**Assignment:**
Reproduce the listing in full, exactly as written, but without images.

**Data to examine:**
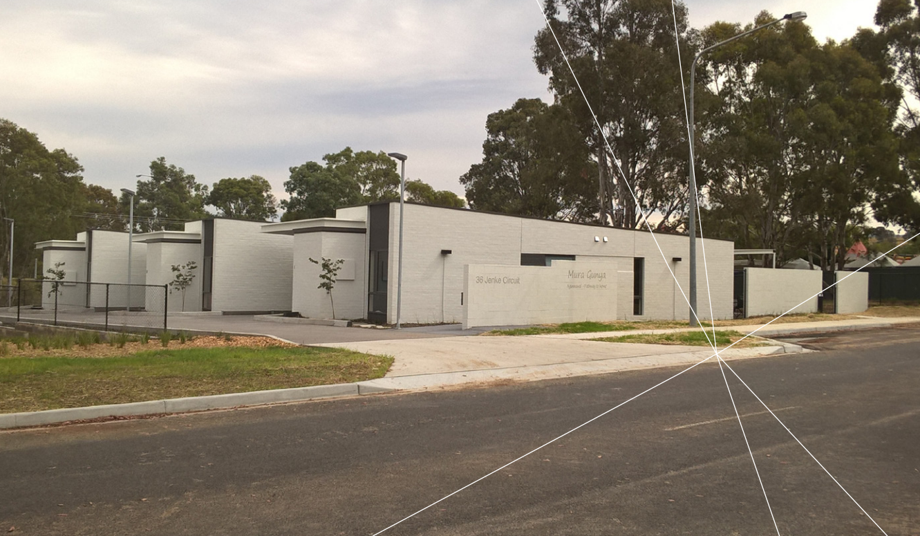
Mura Gunya, accommodation for older Aboriginal and Torres Strait Islander people – Kambah
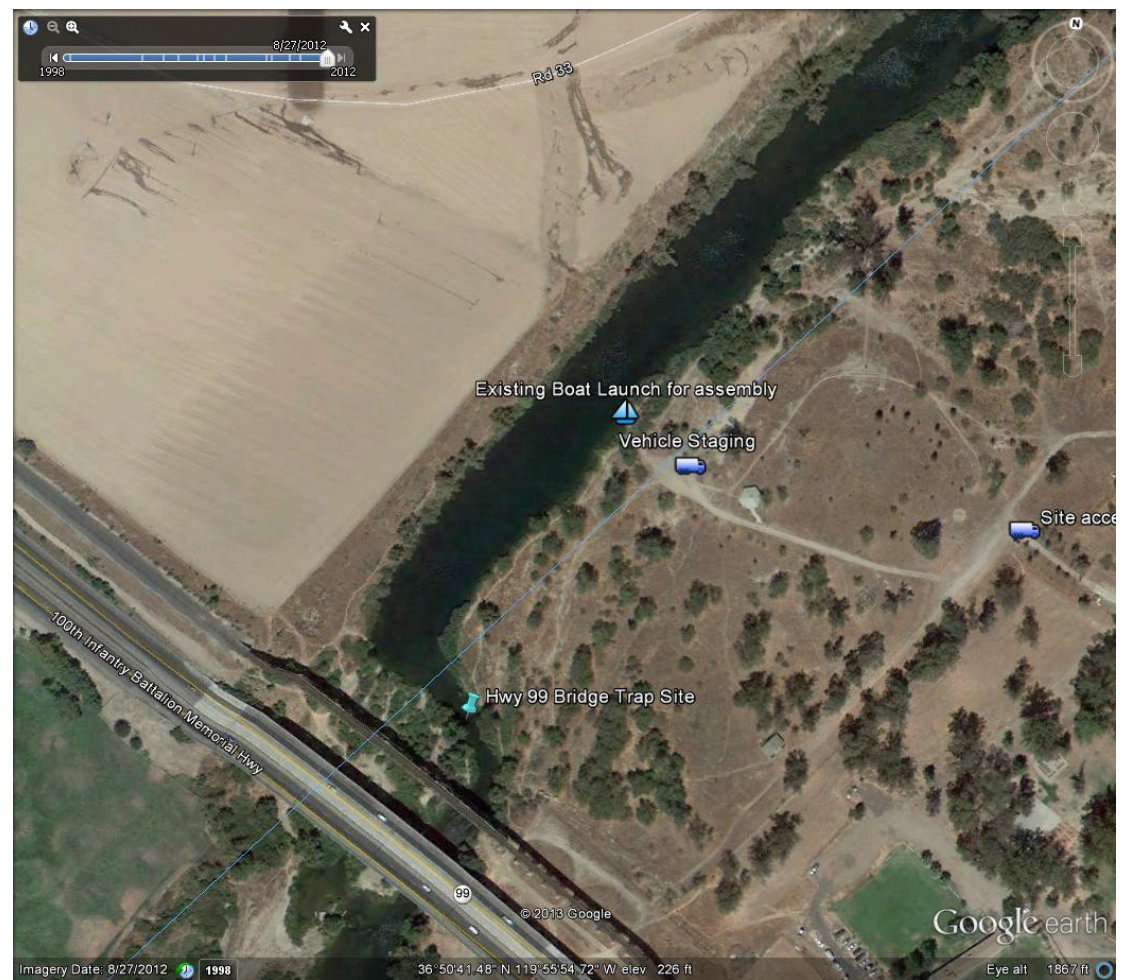
Figure 1. General Location for RST Deployment at SR 99

If juvenile Chinook Salmon trap and haul is conducted, juveniles trapped in the downstream most RST will be held in live wells at the RST, for up to a week, until a sufficient number of juveniles has been trapped for transport and release at or downstream of Reach 5.
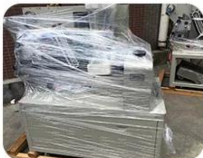
Clean and film up after adjustment
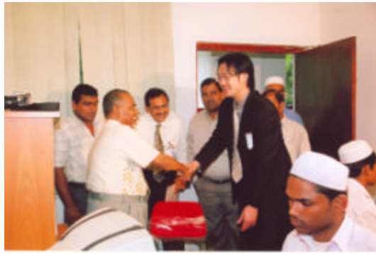
Islamic Centre for the Disabled Doolmale, Thihariya

**Output for this task:**
Mura Gunya, accommodation for older Aboriginal and Torres Strait Islander people – Kambah
Figure 1. General Location for RST Deployment at SR 99

If juvenile Chinook Salmon trap and haul is conducted, juveniles trapped in the downstream most RST will be held in live wells at the RST, for up to a week, until a sufficient number of juveniles has been trapped for transport and release at or downstream of Reach 5.
Clean and film up after adjustment
Islamic Centre for the Disabled Doolmale, Thihariya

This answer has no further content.